- [Work to complete]
The answer is to be an exact copy of the lines below running from the line with "Invitaciones de Quinceañera rosadas y doradas con" down to the line with "The multi-scale window", both ends included, and nothing more.
*** Opening of Recorded data ***
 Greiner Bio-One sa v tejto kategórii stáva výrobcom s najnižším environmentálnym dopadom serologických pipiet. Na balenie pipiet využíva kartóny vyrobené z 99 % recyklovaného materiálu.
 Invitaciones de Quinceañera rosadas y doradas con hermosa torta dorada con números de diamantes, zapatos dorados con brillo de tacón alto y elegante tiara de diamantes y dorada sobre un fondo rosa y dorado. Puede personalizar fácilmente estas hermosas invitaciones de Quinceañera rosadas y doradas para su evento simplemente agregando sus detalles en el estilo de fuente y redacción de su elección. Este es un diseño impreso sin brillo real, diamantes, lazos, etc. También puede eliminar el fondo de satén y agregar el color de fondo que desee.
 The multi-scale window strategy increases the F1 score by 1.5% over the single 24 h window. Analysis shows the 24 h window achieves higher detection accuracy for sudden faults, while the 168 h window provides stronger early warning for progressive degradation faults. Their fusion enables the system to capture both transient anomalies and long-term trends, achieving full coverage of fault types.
*** Close of Recorded data ***
*** Opening of Recorded data ***
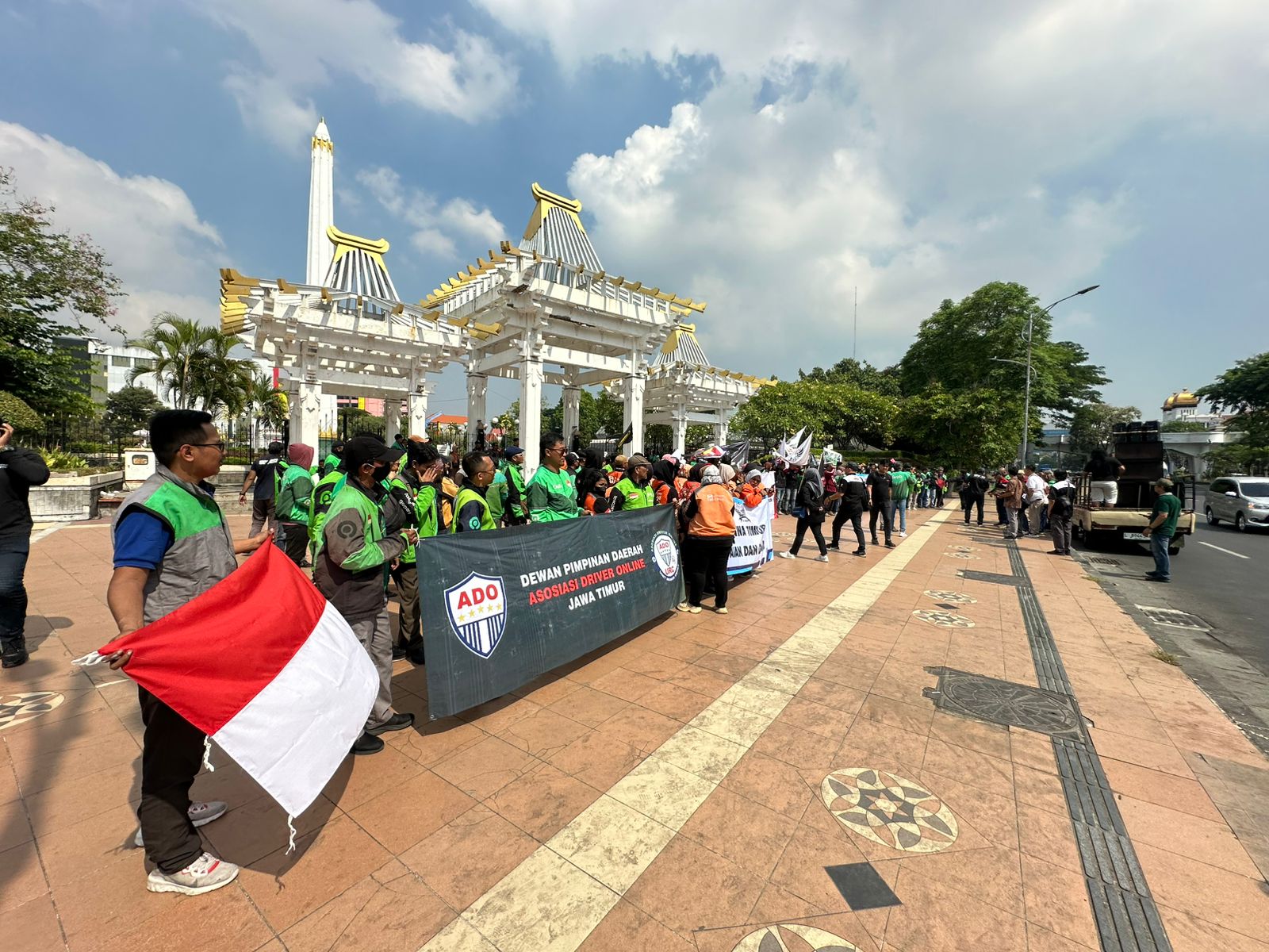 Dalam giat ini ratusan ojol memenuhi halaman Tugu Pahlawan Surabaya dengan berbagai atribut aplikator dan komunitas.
*** Close of Recorded data ***
- [Response area]
 Invitaciones de Quinceañera rosadas y doradas con hermosa torta dorada con números de diamantes, zapatos dorados con brillo de tacón alto y elegante tiara de diamantes y dorada sobre un fondo rosa y dorado. Puede personalizar fácilmente estas hermosas invitaciones de Quinceañera rosadas y doradas para su evento simplemente agregando sus detalles en el estilo de fuente y redacción de su elección. Este es un diseño impreso sin brillo real, diamantes, lazos, etc. También puede eliminar el fondo de satén y agregar el color de fondo que desee.
 The multi-scale window strategy increases the F1 score by 1.5% over the single 24 h window. Analysis shows the 24 h window achieves higher detection accuracy for sudden faults, while the 168 h window provides stronger early warning for progressive degradation faults. Their fusion enables the system to capture both transient anomalies and long-term trends, achieving full coverage of fault types.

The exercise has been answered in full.